Стрела, пущенная твердой рукой воина, ударила Шломо в висок, пробила кудрявую мальчишескую голову насквозь и вошла в грудь Юдифь, пригвоздив брата к сестре. Девушка не закричала – охнула, зато Бная закричал. В его крике было столько отчаяния, что если бы Иегуде было суждено прожить еще тысячу лет, он бы слышал этот вопль в ночных кошмарах до самой смерти.
Элезар отшвырнул лук в сторону и встретил Иегуду ловкой подсечкой.

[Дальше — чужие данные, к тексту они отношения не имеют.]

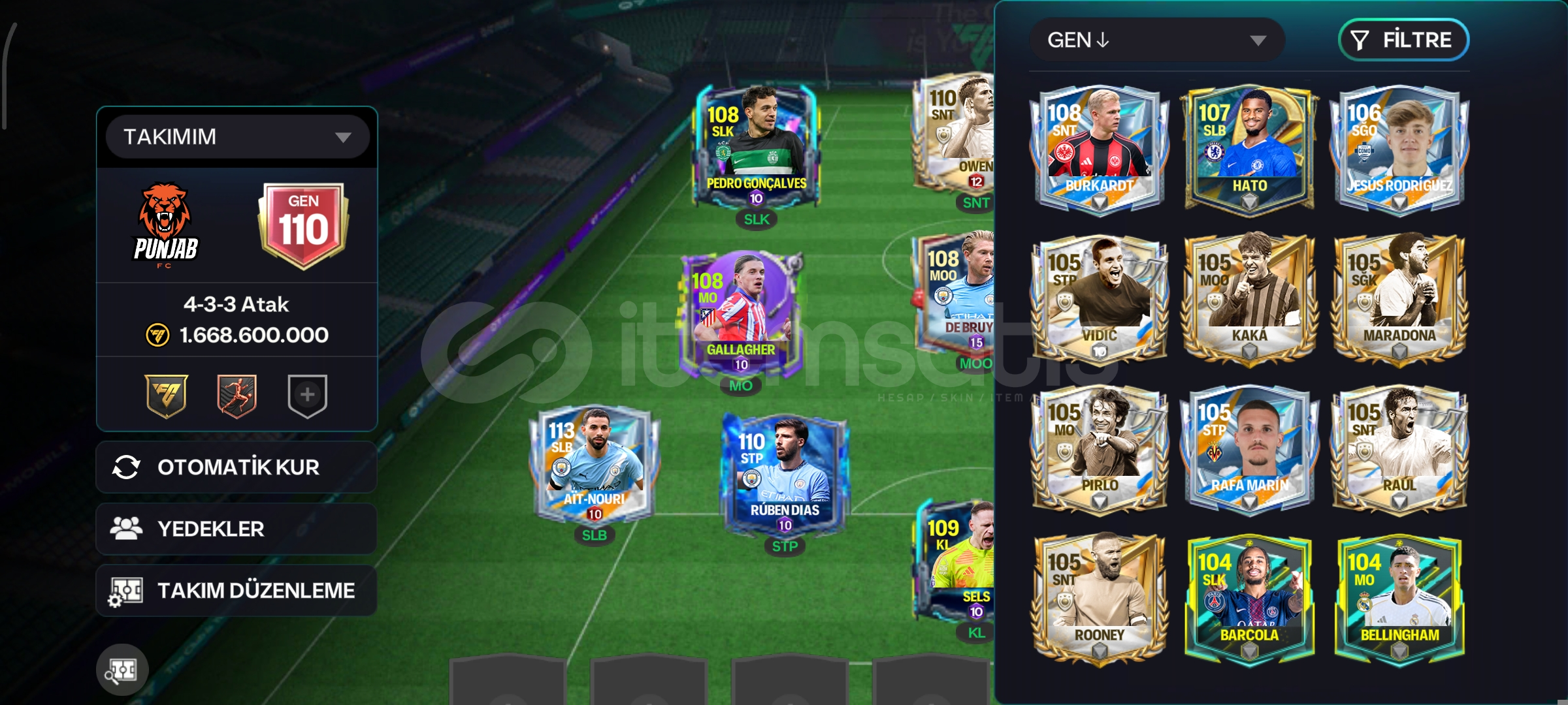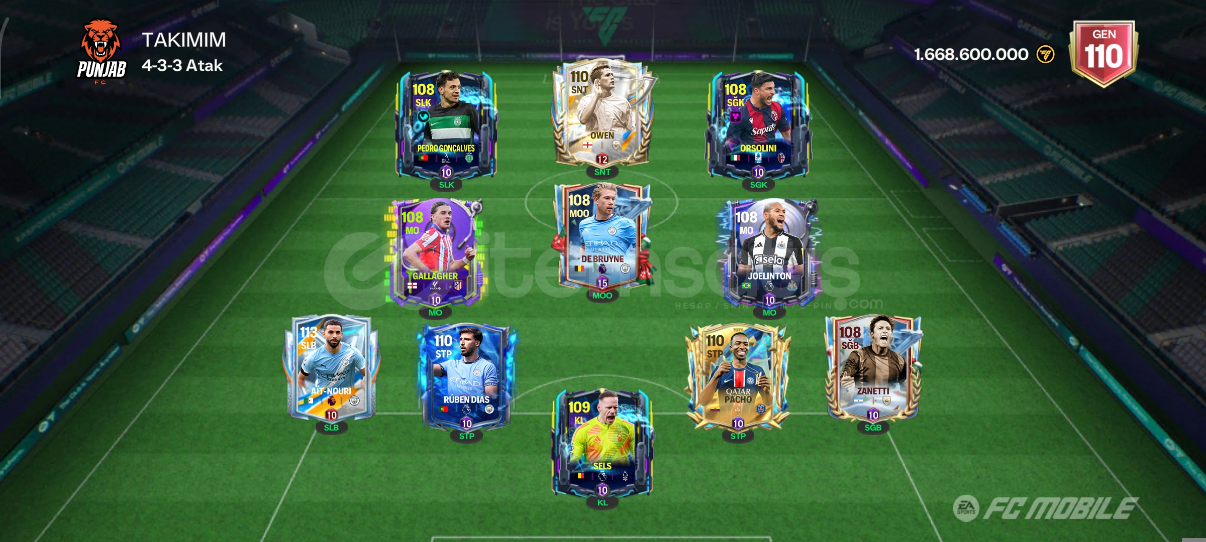 • Hesap, sadece efsanevi oyunculardan ibaret değil. Yüksek miktarda coins ile anlık transfer ve geliştirme özgürlüğüne sahipsiniz.​
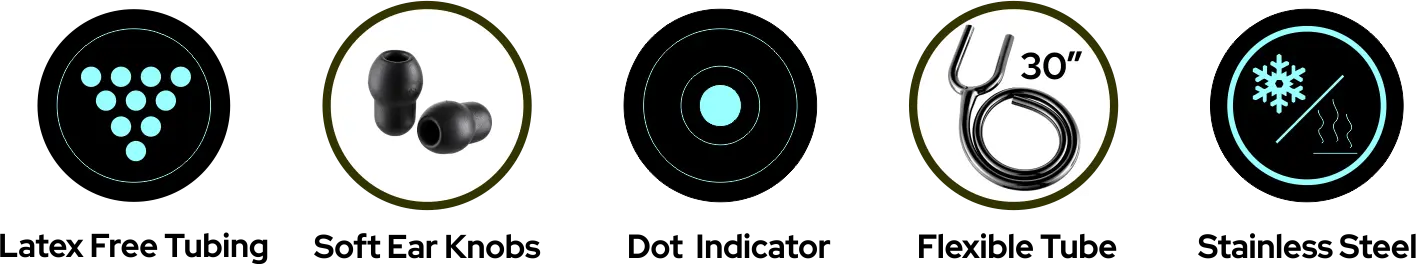 Anatomically designed high-quality stainless-steel binaural frame which is durable and easy to maintain. Latex free lumen tubing with enhanced length for ease of use Removable extra soft sealing ear knobs sterilizable with hot water or soap solution.

Старик потерял равновесие, попытался в падении достать Бен Яира мечом, но промахнулся – лезвие просвистело на расстоянии в ладонь от шеи сикария. Иегуда упал, но почти не ушибся – он рухнул на мертвое тело, лежащее в стороне. Правда, его попытка вскочить вызвала у Элезара смех. Иегуде казалось, что он двигается быстро, на самом же деле поднимался старик с трудом, но меча из рук не выпустил.
Элезар же свой гладиус из ножен и не доставал.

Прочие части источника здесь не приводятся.